| PROVIDED DATA |

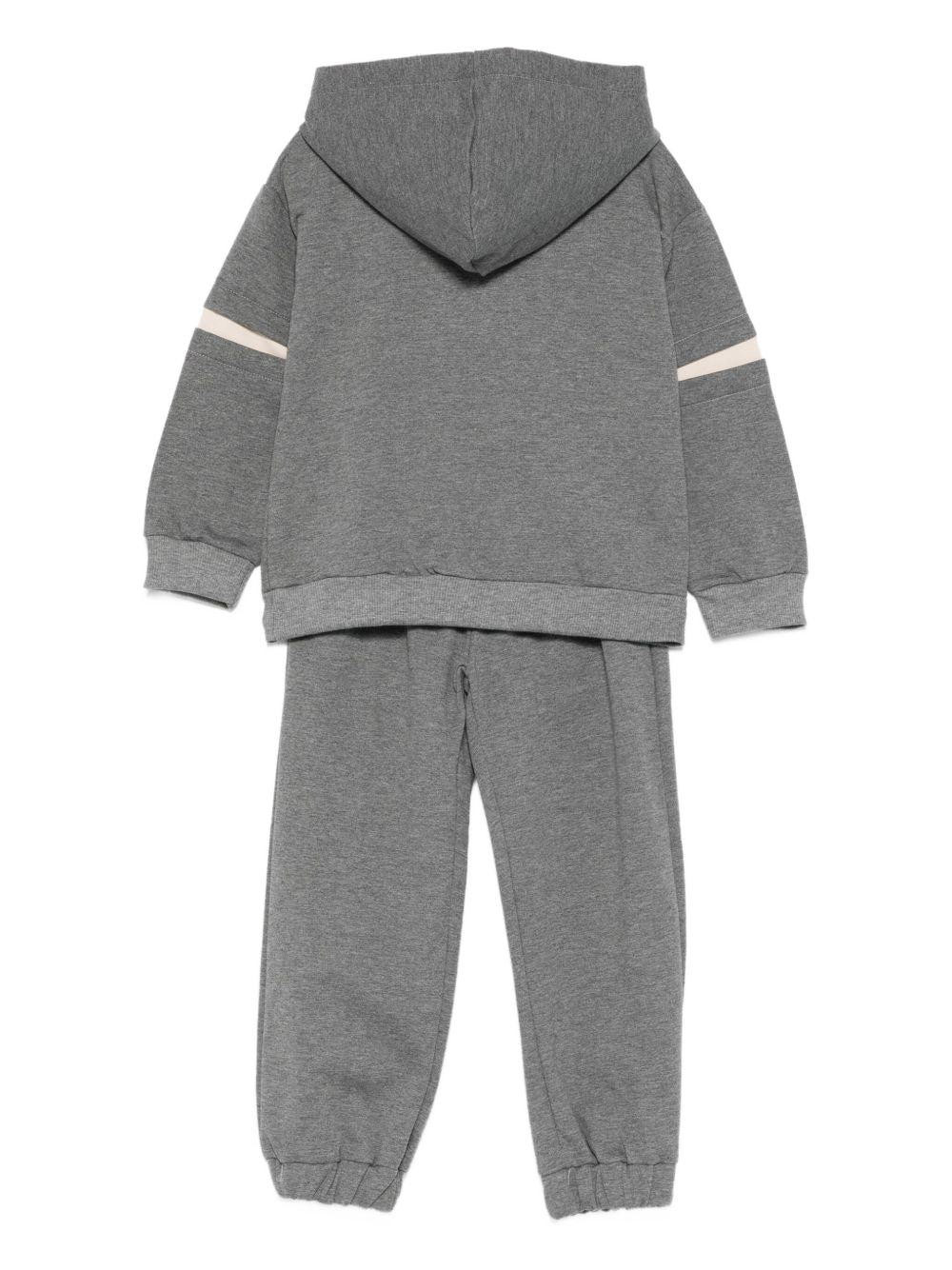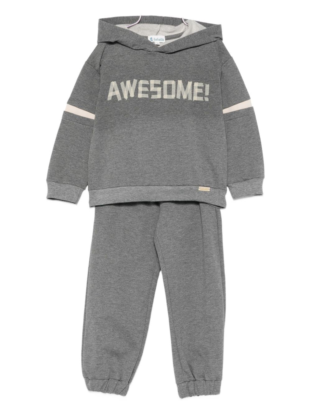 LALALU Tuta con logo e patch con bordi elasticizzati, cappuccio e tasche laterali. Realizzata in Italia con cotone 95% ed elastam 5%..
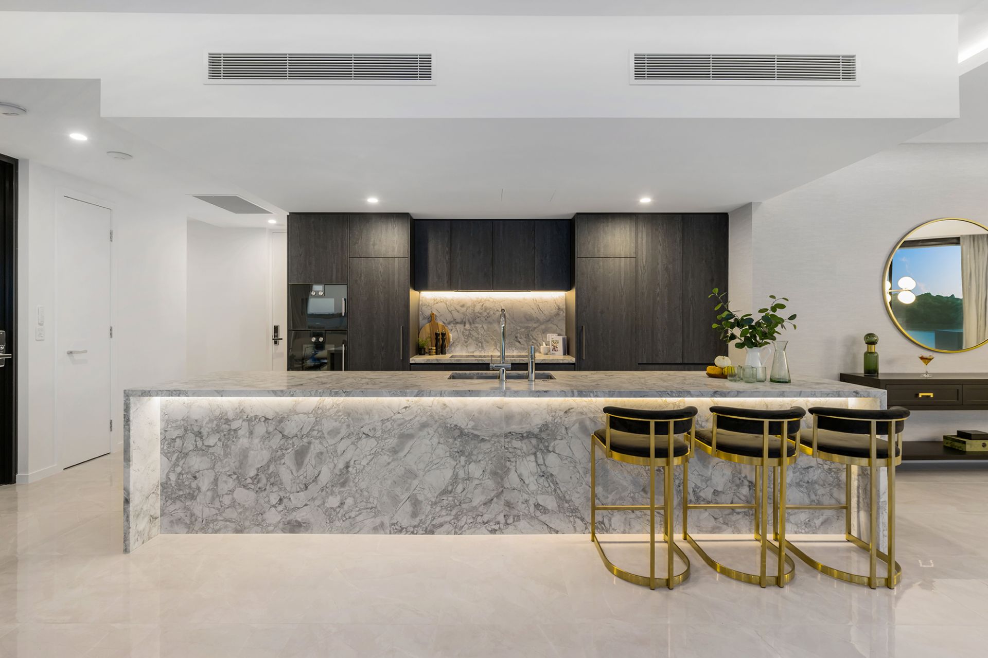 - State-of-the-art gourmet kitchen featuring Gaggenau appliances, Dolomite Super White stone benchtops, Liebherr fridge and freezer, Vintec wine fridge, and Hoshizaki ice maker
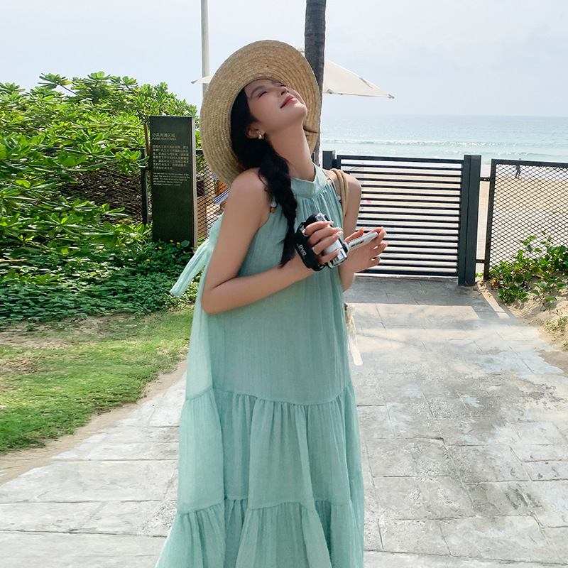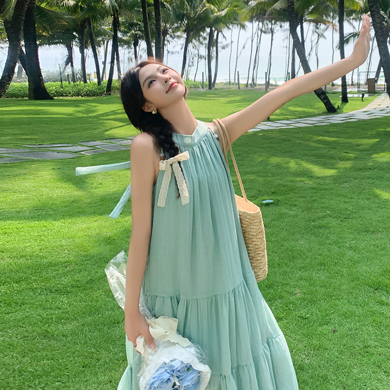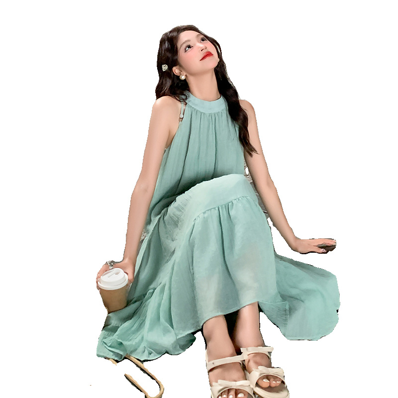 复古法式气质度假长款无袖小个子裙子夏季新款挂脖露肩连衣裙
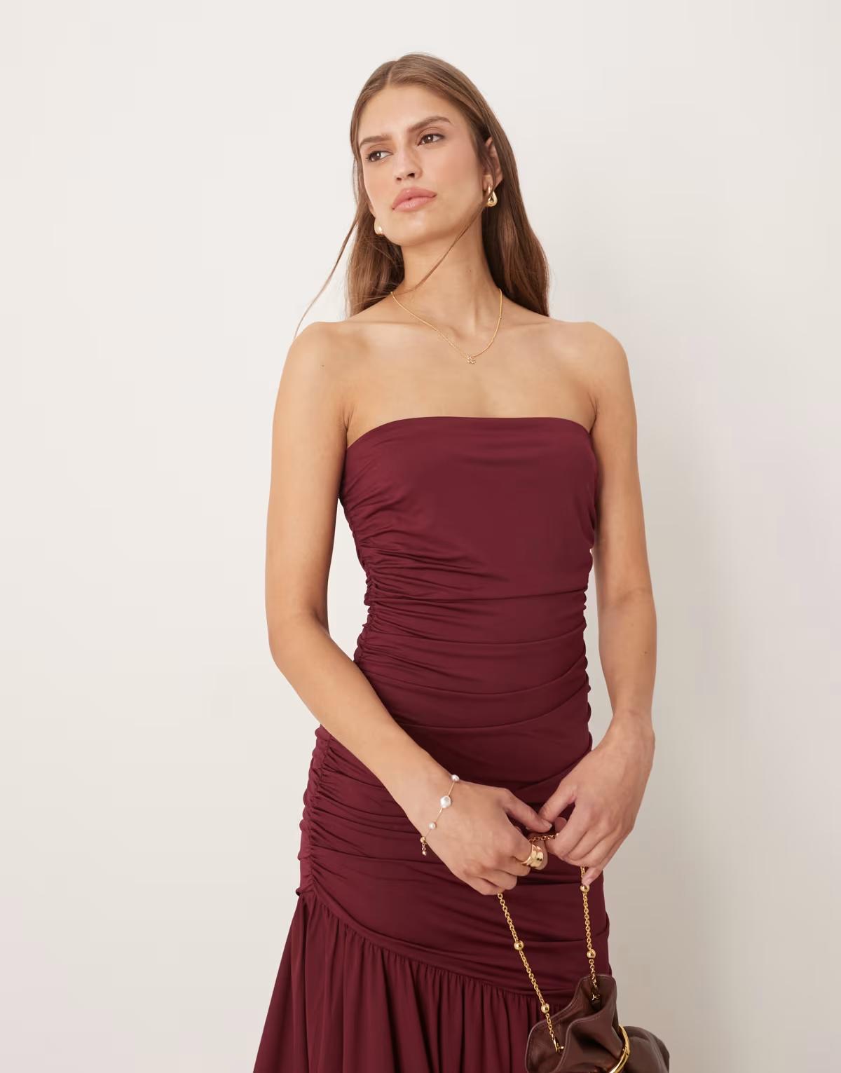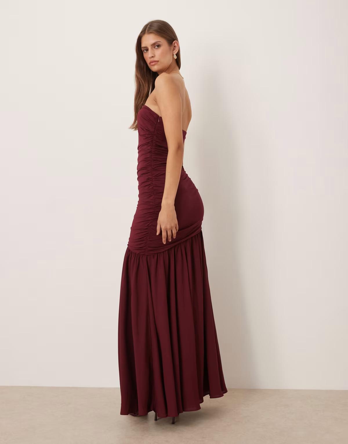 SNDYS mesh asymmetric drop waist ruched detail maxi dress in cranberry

| WHAT THE TASK REQUIRES |
Restate the data above verbatim, skipping every image.

| TASK RESPONSE |
 LALALU Tuta con logo e patch con bordi elasticizzati, cappuccio e tasche laterali. Realizzata in Italia con cotone 95% ed elastam 5%..
 - State-of-the-art gourmet kitchen featuring Gaggenau appliances, Dolomite Super White stone benchtops, Liebherr fridge and freezer, Vintec wine fridge, and Hoshizaki ice maker
 复古法式气质度假长款无袖小个子裙子夏季新款挂脖露肩连衣裙
 SNDYS mesh asymmetric drop waist ruched detail maxi dress in cranberry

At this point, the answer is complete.